A refreshing question…


  QUESTION:

I’m 51. Divorced once. Dating for 4 years since my divorce. I want to get married again. Although my marriage ended in divorce I’m for marriage. I like the team, future common goals, commitment, etc.
My boyfriend does not want to get married. He made that clear since the beginning. Maybe I was/am to afraid to really make it on my own (I do pay all my own bills and own my home)  so he  is excellent for encouraging me to be the best I can be. He helps me with some of my home projects and expenses that he can help me get at a lower cost. He encouraged me to go to school for a trade. I help him with this trade and he pays me. I also work on my own with this trade and I pay him to use his insurance and license. I have my own business (passion) for 26 years which requires me to work those part time jobs to pay the bills. I’m a go getter who is not afraid of hard work. We enjoy one another’s company, like to travel on road trips together, like to work together, sleep together closely…. However, I want to get married. Last night he told me that I have a better chance of going to the moon than finding a man who loves me enough to marry me. No men want to get married and I’ll be looking forever. Also men want women who have a job and a home and basically I don’t have that to offer a man. This morning I woke up and realized I’m not happy. I also told him that his words made me feel unworthy of marriage and dismissed my hard work and self supporting ethic. So my question is: Am I over reacting? Do people really want to get married for the sake of being married?

ANSWER:

 

  It’s not often that I find a question refreshing, but I found yours to be so. It is well though out and not irrational. You actually are trying to figure something out and you seem willing to carefully consider both sides.
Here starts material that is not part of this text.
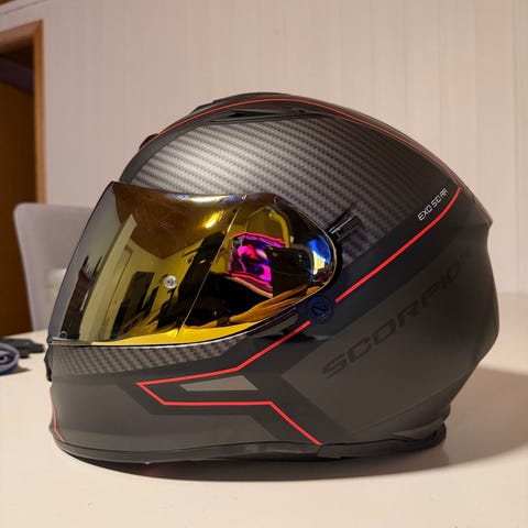 Scorpion Exo 1400 Air mchjelm i svart og hvit med karbonfinish. Hjelmen har klart og sotet visir med Pinlock og luftesystem på topp og hakeparti. Justerbar ventilasjon og aerodynamisk utforming.

I don’t think you are overreacting and I do think that people really want to get married. The problem you have is that you have invested years hoping this guy would change when all along he has told you he is not interested in marriage. It also sounds from what you say that you won’t be able to change his mind. So you have to decide if you are going to stay or not. I disagree with him about men wanting to get married. Marriage is difficult and many don’t want to have to man up and make the covenant and commitment and thus simply live together with really no commitment. I think it is admirable that you want marriage. The problem is your man doesn’t so what will you do? If you want to get married then you need to break it off and when you do find another guy be very up front with him and ask him what he wants long-term in the relationship. It sounds like you are dating for marriage not for fun, thus you need to find someone who is like-minded.